For most of us buying a home or property is the biggest single investment we're likely to make and we're likely to do it maybe once or twice in a lifetime. The process is, by nature, filled with checks and balances with many complex details. Traditionally, agents were legally obligated to protect the interests of the home seller. Today more homebuyers are choosing to have their own real estate agent, known as a buyer's agent, to legally represent them.
A buyer's agent represents you, the buyer, not the seller, and has full fiduciary duties, including loyalty to you. By definition, the buyer's agent has your best interests in mind throughout the transaction. The benefits of buyer representation is the dedication of the buyer's agent to the home buyer.
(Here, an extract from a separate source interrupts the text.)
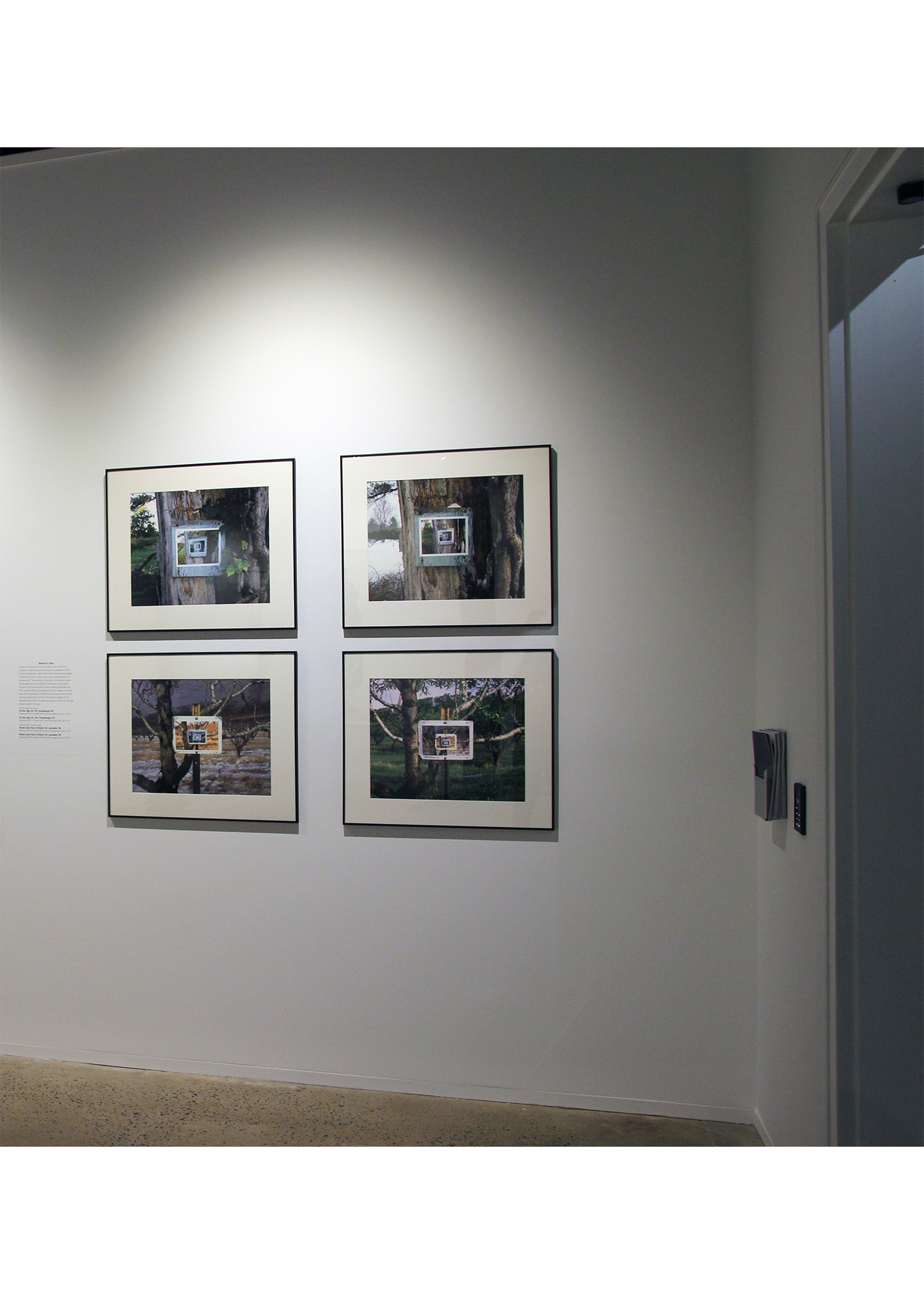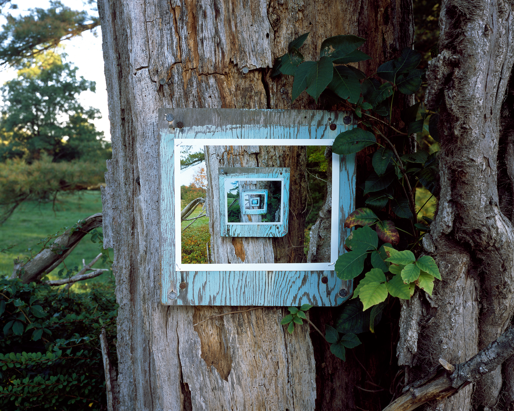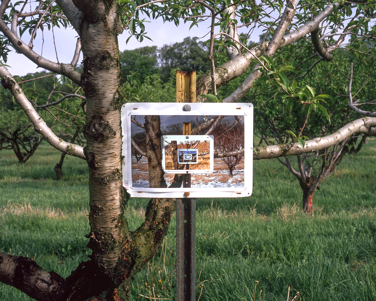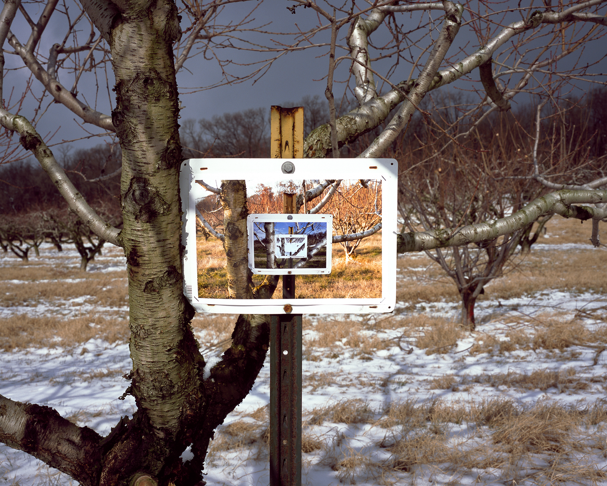 The series involves, though not in all instances, photographing blank wooden signs discovered by chance along roadsides and then methodically re-photographing their images to create recursive progressions. The interior images of the repeated sign offer the viewer glimpses of past time and the transformation of place.

The agent and homebuyer establish a mutual agreement, known as a buyer agency agreement, that will entitle the homebuyer to, but not limited by:
Loyalty: The real estate agent must act in the best interest of the buyer.
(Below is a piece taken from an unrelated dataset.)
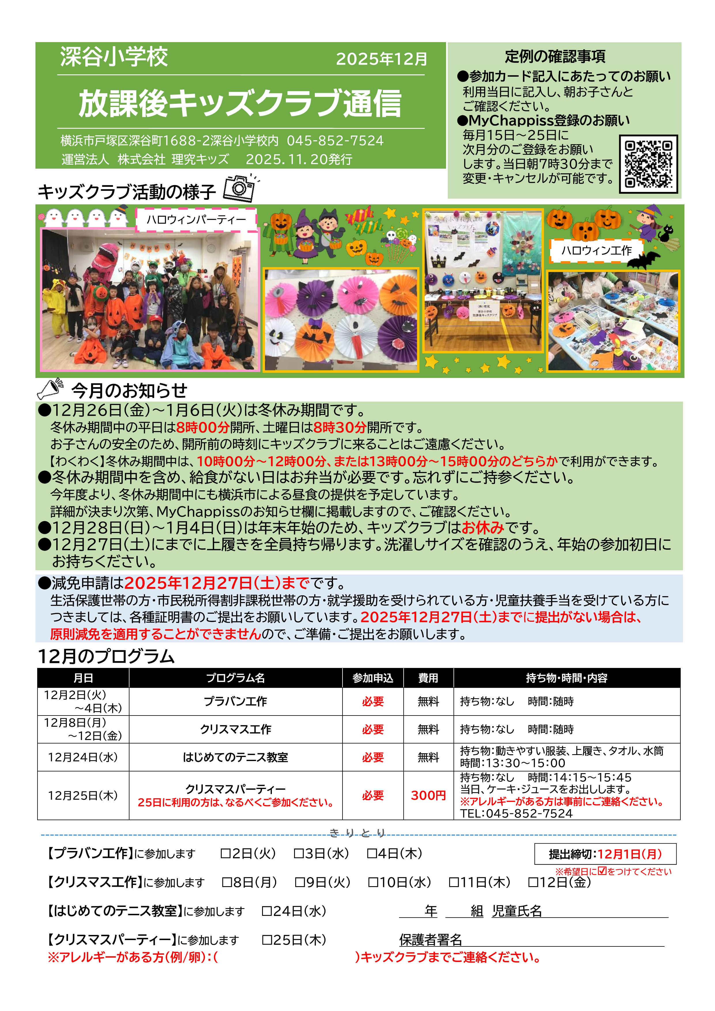 - 参加カード(利用日に「帰宅時間」「お迎えの有無」「保護者印(署名も可)」の記入あり)

Disclosure: All material facts such as relationships between agent and other parties, existence of other offers, status of earnest money, seller's financial condition, property's true worth, commission split with other brokers, and legal effect of important contract provisions.
Confidentiality: Any discussions, facts, or information that should not be revealed to others but does not include responsibility of fairness and honesty in dealings with all parties.
Reasonable Skill & Care: Arriving at a reasonable purchase price and advising the buyer of such, affirmatively discovering material facts and disclosing them to the buyer, investigating the material facts related to the sale.
With a buyer agency, the interests of the homebuyer will be represented in the purchase of the home. This scenario is different from a typical transaction where the buyer is not technically represented.